Она отвернулась. Поджала губы. Как всегда, когда не соглашалась с мужем.
– Не обсуждай, вот дойдем до Нугора, а там ты увидишь наряды да бусы и по-другому запоешь.
– Зачем мне наряды и бусы – мертвой!
У Радомира зубы заскрипели. Несносная в своем упрямстве. И злит, что права баба! Да только… Шкуры нынче в цене выросли. Совсем охотников мало, а любителей соболей да лис куда как предостаточно. Хоть товара немного, а прибыль больше будет, чем за два последних года. И нечего спорить с бабой, пусть даже женой. Радомир холодно отстранился, раздраженно сплюнул и направился к стану. Коли хорошим ходом, дня через два у Нугора будут.
Едва забрезжил рассвет, тронулись.
Телега тяжело отбивала колесами о камни. Кони в обозе низко клонили головы. Вожжи, закрепленные за седло впереди едущего всадника, натягивались, он оглядывался, хлестал понурых по мордам, тихо ругался. Те грызли удила, но ходу не прибавляли.
Радомир ехал впереди, хмурился, вспоминая разговор с Марьей. Иногда поглядывал в ее сторону, она отводила недовольный взор. Радомир вздыхал, конь под ним шел медленно, тряся головой и спотыкаясь.
– Тпру!
От неожиданности гнедой вздыбился. Радомир стеганул его по крупу. Конь недовольно взбрыкнул, грызя удила. Радомир схватился за кинжал. Весь обоз остановился, захрипели кони. Охотницы встали в стременах, высматривая, кто или что могло преградить им путь. Мужики оскалились, сощурились, вглядываясь в дорогу.
Из-за деревьев, прилегавших к просеке, появились путники. Радомир присмотрелся к вышедшим. Кинжал вошел обратно в ножны. Две бабы, парень с ними, телом крепкий, но какой-то болезненно бледный. Старик. Никак домовой! Радомир похлопал гнедого по шее, успокаивая.
– Путь далеко держите? – поинтересовался бледный. Нехороший у него был взгляд. Ох нехороший. Отшить путничков. Не добре, чует сердце. Или, може, после ночи тревожной всяко чудится? Глава бросил косой взгляд на Марью. Та щурилась на путников. Но жестов никаких не подавала.

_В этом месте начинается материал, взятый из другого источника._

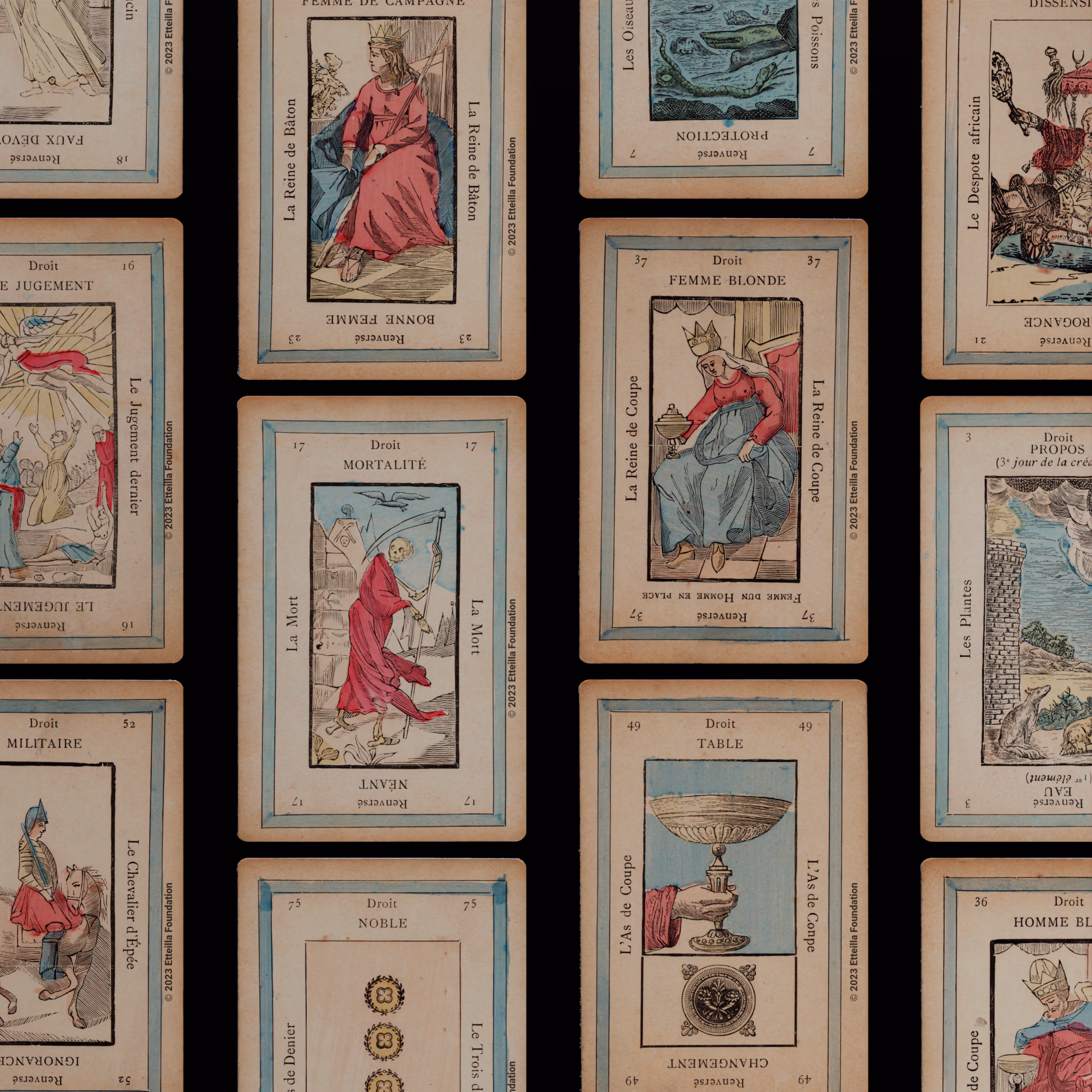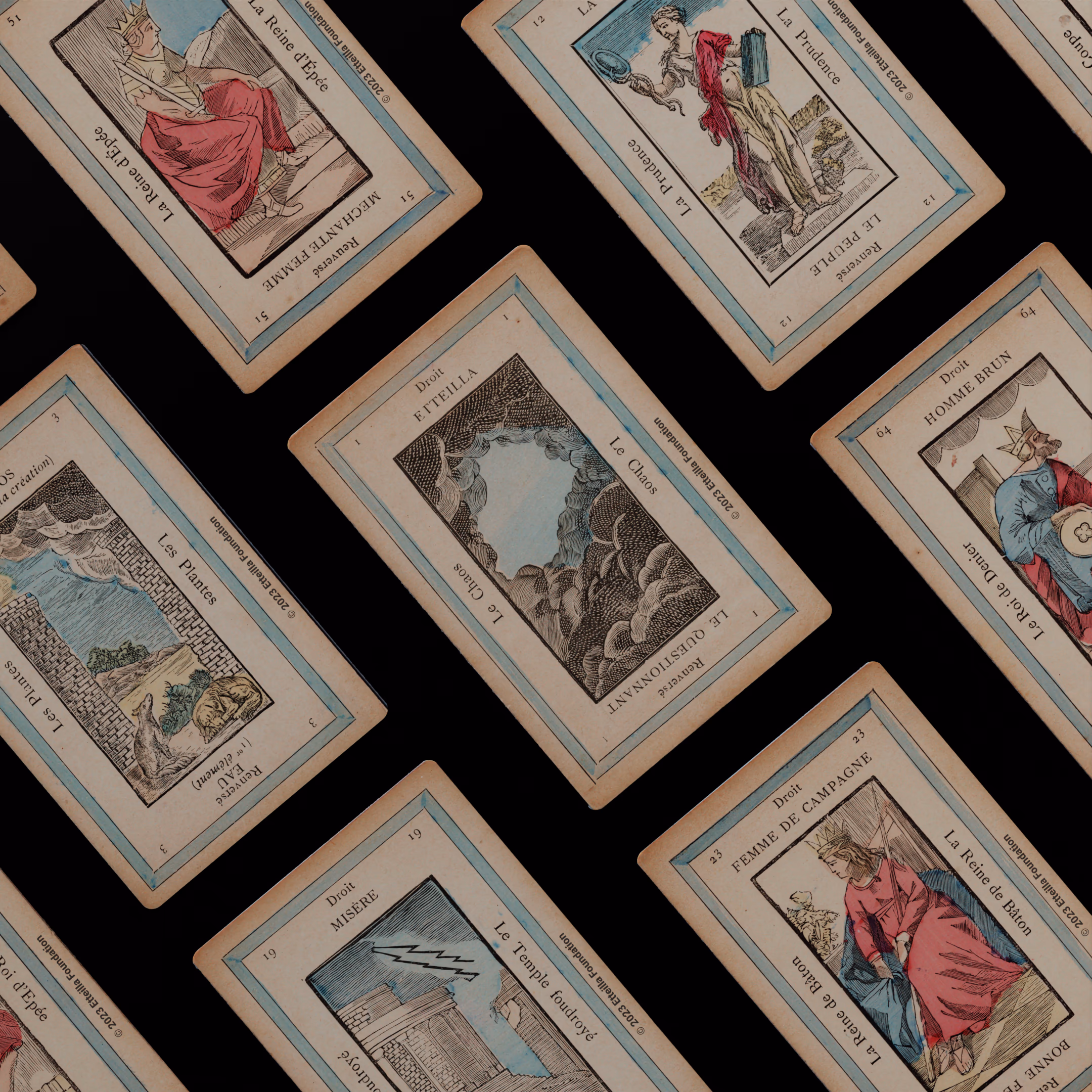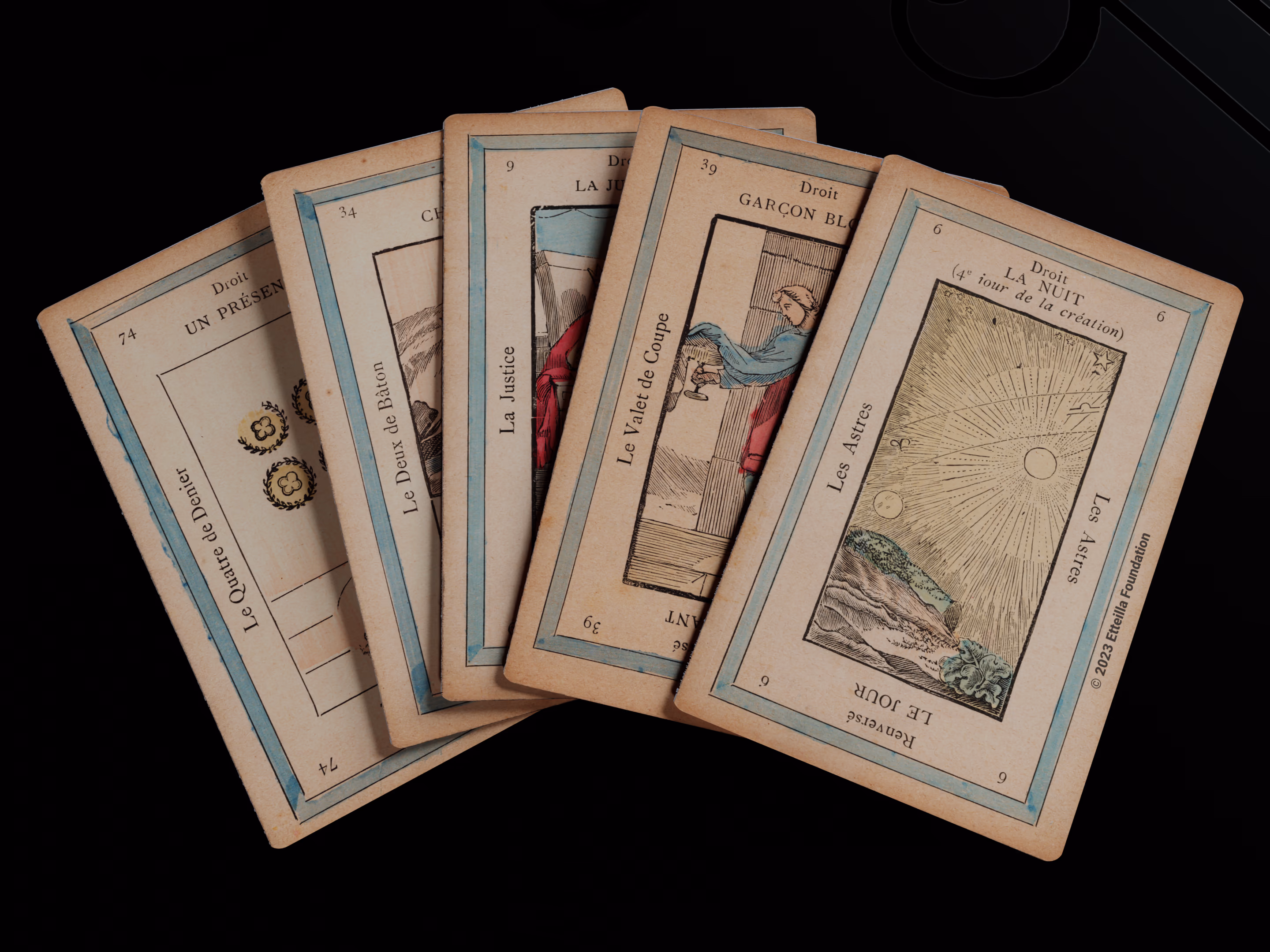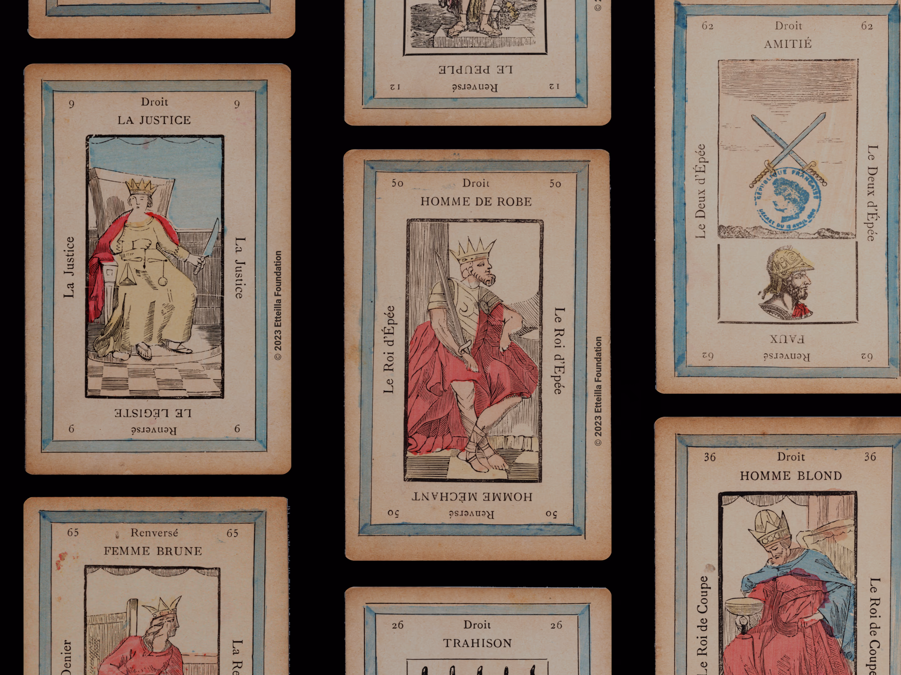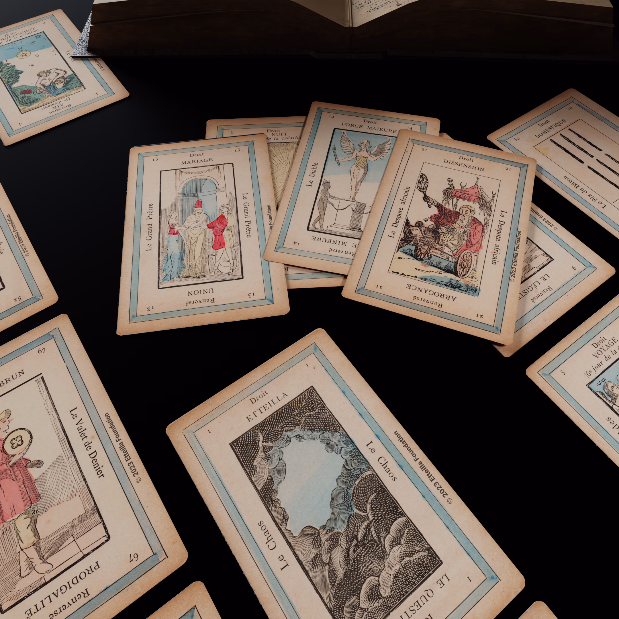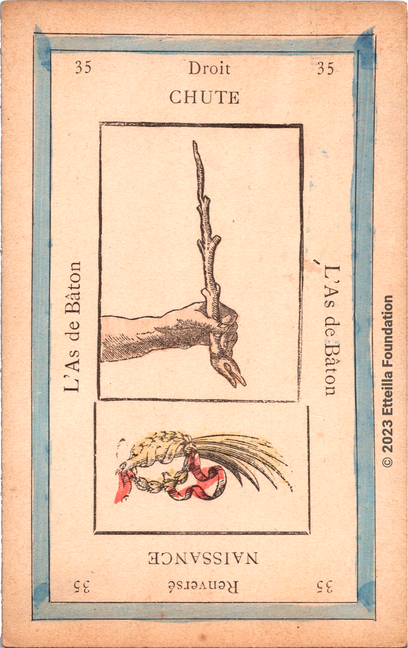 In 1838 Simon Blocquel, a student of Etteilla, published this updated version of the Etteilla tarot deck under the title “Grand livre de Thot.”. This version is commonly known as the Lismon Etteilla or Etteilla Type II.

«Тьфу ты!» – про себя выругался Радомир. Уже на бабью подсказку надеется.
– На ярмарку в град Нугор направляемся. – Гнедой нетерпеливо рыл землю копытом, хрипел. – А вы отколь путь держите?
Ответил не бледный, а старик карлик, принятый за домового. Он юрко выскочил вперед. Подмигнул гнедому, и тот успокоился, встал ровно, потянул мордой. Старик погладил трепещущие ноздри и задрал голову на Радомира:
– Мы, сударь добрый, к столице Хладу путь держим. Девки у нас на выданье, а поговаривают, будто сам Китар для своих соглядатаев жен выбирает. Вот и решили – чем черт не шутит! Деревенька у нас малая, совсем нежить одолела, а тут и защита будет, и довольствие.
Радомир хмыкнул:
– Да больно худы ваши девицы для жен. Неужто настолько плохо в деревеньке? Хотя, судя по хлопцу, предложить в мужья некого.
Охотники позади заржали, играя ножами в мускулистых руках. Радомир цыкнул. Негоже над бедой смеяться.